Surveillance footage represents a valuable resource and opportunities for conducting gait analysis. However, the typical low quality and high noise levels in such footage can severely impact the accuracy of pose estimation algorithms, which are foundational for reliable gait analysis. Existing literature suggests a direct correlation between the efficacy of pose estimation and the subsequent gait analysis results. A common mitigation strategy involves fine-tuning pose estimation models on noisy data to improve robustness. However, this approach may degrade the downstream model's performance on the original high-quality data, leading to a trade-off that is undesirable in practice. We propose a processing pipeline that incorporates a task-targeted artifact correction model specifically designed to pre-process and enhance surveillance footage before pose estimation. Our artifact correction model is optimized to work alongside a state-of-the-art pose estimation network, HRNet, without requiring repeated fine-tuning of the pose estimation model. Furthermore, we propose a simple and robust method for obtaining low quality videos that are annotated with poses in an automatic manner with the purpose of training the artifact correction model. We systematically evaluate the performance of our artifact correction model against a range of noisy surveillance data and demonstrate that our approach not only achieves improved pose estimation on low-quality surveillance footage, but also preserves the integrity of the pose estimation on high resolution footage. Our experiments show a clear enhancement in gait analysis performance, supporting the viability of the proposed method as a superior alternative to direct fine-tuning strategies. Our contributions pave the way for more reliable gait analysis using surveillance data in real-world applications, regardless of data quality.

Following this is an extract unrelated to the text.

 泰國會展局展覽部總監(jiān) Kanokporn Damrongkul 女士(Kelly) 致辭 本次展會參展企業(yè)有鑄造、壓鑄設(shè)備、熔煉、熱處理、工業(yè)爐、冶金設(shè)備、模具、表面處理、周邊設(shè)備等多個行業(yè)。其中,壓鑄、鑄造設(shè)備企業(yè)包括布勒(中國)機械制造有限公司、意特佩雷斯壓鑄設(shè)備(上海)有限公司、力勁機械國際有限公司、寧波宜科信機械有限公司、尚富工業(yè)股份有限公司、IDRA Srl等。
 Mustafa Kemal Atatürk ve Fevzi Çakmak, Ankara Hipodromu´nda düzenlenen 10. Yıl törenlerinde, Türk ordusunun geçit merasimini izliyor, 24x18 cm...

Paper Structure (10 sections, 1 equation, 5 figures, 3 tables)

This paper contains 10 sections, 1 equation, 5 figures, 3 tables.

Figures (5)

  • Figure 1: Examples of highly inaccurate pose estimations under severe video degradation (second row), compared to ground truth poses (first row). Artifacts introduced by typical video compression methods hinder the performance of state-of-the-art pose estimation models sun2019deep.
  • Figure 2: Overall diagram of our method for training an artifact correction model without any manual labels. We utilize a pose estimation model on high definition video frames to obtain robust ground truth poses. The quality of the videos is highly decreased with H.264 compression to simulate real-world environments. We train an artifact correction model to alter the image so that a separate frozen pose estimation model obtains poses close to the ground truth.

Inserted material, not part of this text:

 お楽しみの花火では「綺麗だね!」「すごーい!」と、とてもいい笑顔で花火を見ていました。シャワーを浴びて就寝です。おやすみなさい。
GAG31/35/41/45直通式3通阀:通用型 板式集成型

  • Figure 3: Examples of poses extracted from highly degraded videos with the 3 experimental approaches on the test set. First row - Ground Truth poses; Second row - poses obtained with the original pre-trained HRNet model; Third row - poses obtained with fine-tuned HRNet; Fourth row - poses obtained artifact correction model (FBCNN) in combination with the original HRNet model. The proposed method obtains the most accurate poses, closely resembling those from the ground truth.
  • Figure 4: Histograms of L2 distances from ground truth of test-set poses. a) poses obtained with pre-trained HRNet (mean: 173.32); b) poses obtained with finetuned HRNet (mean: 107.53); c) poses obtained with FBCNN + pre-trained HRNet (mean: 79.13)
  • Figure 5: Examples of corrections made by the fine-tuned FBCNN model on degraded videos. The model learns to obscure the background with the purpose of better highlighting the human body and its joints.